Option 3 is also a blended approach (State plan & RHBT) and would include a 14.6 percent premium increase with retirees being exempt. Changes to non Medicare include a medical deductible increase of 50 percent under plan tiers, out of pocket expenses, and an increase in prescription co-pays or drug costs.
Several retirees and former educators spoke to the panel about their concerns, including Rosa Huffman, a teacher in the Kanawha County school system. Huffman asked why the public is not being given more time to understand and decide on the proposed options.

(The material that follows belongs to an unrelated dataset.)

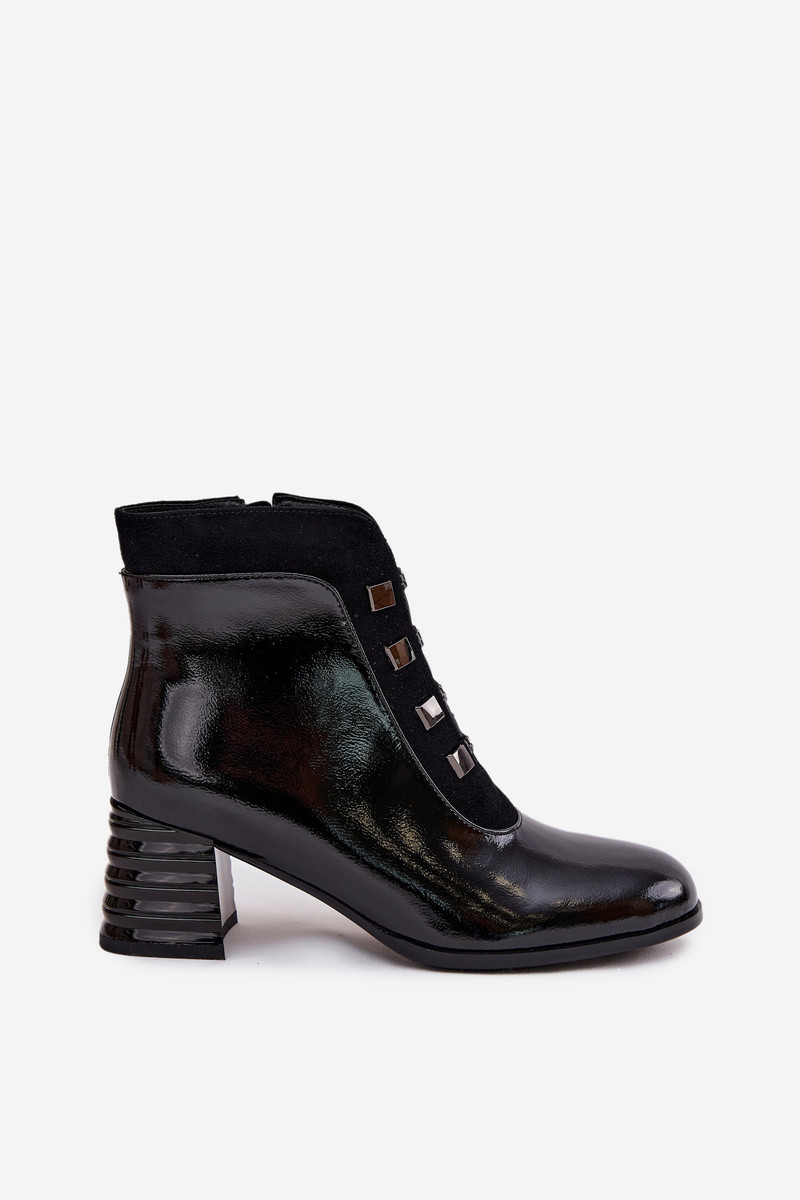 Skórzane Lakierowane Botki Damskie Na Słupku D&A MR52-144 Czarne

“Why is this plan being rushed through?” Huffman asked.
Sen. Amy Grady, R-Mason, said comments that the PEIA plan was rushed through the legislature are unfounded.
“It hasn’t been rushed, and that’s the misconception,” Grady said. “This specific plan has been worked on for at least a year. I know I was reaching out to people, saying ‘Give me some input on this,’ I’ve no reason to believe other senators and delegates don’t do that.”
Grady said down the road the legislature may be able to consider taking money from the state’s “Rainy Day” fund to prevent an increase in costs for retirees, a suggestion put forward by West Virginia Education Association President Dale Lee.
When asked, the panel informed Lee that there was $74 million in the fund.
“Because I know that was a part of the fiscal note when you looked at Senate Bill version of 268 – whether the premiums would go up 14 percent or 26 percent based on the $74 million in the rainy day account,” Lee said. “I’m guessing that that money could still be used if the legislature appropriated the money, is that true?”
Haught responded, saying that it was his understanding that the expenditure side of the budget would not be completed until May 1st, but stated “theoretically” that was possible.
Del. Mike Pushkin, D-Kanawha, criticized the legislature for passing a bill that he said places strain on retirees.
“I mentioned the word arrogance earlier in regards to our current legislature, in regards to this super-duper majority,” Pushkin said. “I mentioned arrogance to raise premiums on public employees under the guise of a shell game of giving out a pay raise at the same time, while voting to give themselves a raise, a substantial raise for those in leadership.”
“They built into it cost of living adjustments for those at the top of the legislature, something they could not find it in their hearts to do for retirees for how many years?” he continued. “When’s the last time you got a cost-of-living adjustment if you’re a retiree?”
Pushkin contended that Gov. Jim Justice broke his promise when he said that premiums would not go up.
“When asked if he would raise premiums he said, ‘Not on my watch,’” Pushkin said.
Retired educator John Riddle told the panel that retirees are facing an ever-increasing cost of living.
“Let me tell you something, for 18 years of retirement, if you look at the cost of living, retirees on a fixed income are not in a very good spot,” Riddle said. “And all I’m asking you to do is to continue to allow our retirees to have a place at the table to talk with you.”
Three more public hearings are scheduled this week, including two on Tuesday at 6 p.m. in Morgantown at the Hampton Inn and in Huntington at the Mountain Health Arena. The fourth public hearing is on Wednesday at the Holiday Inn in Martinsburg.
The Finance Board will follow up with a meeting on Thursday, March 30 at 1 p.m. The board will consider comments from the public hearings and adopt the new Plan Year 2024 which will be published in the 2024 Shopper’s Guide.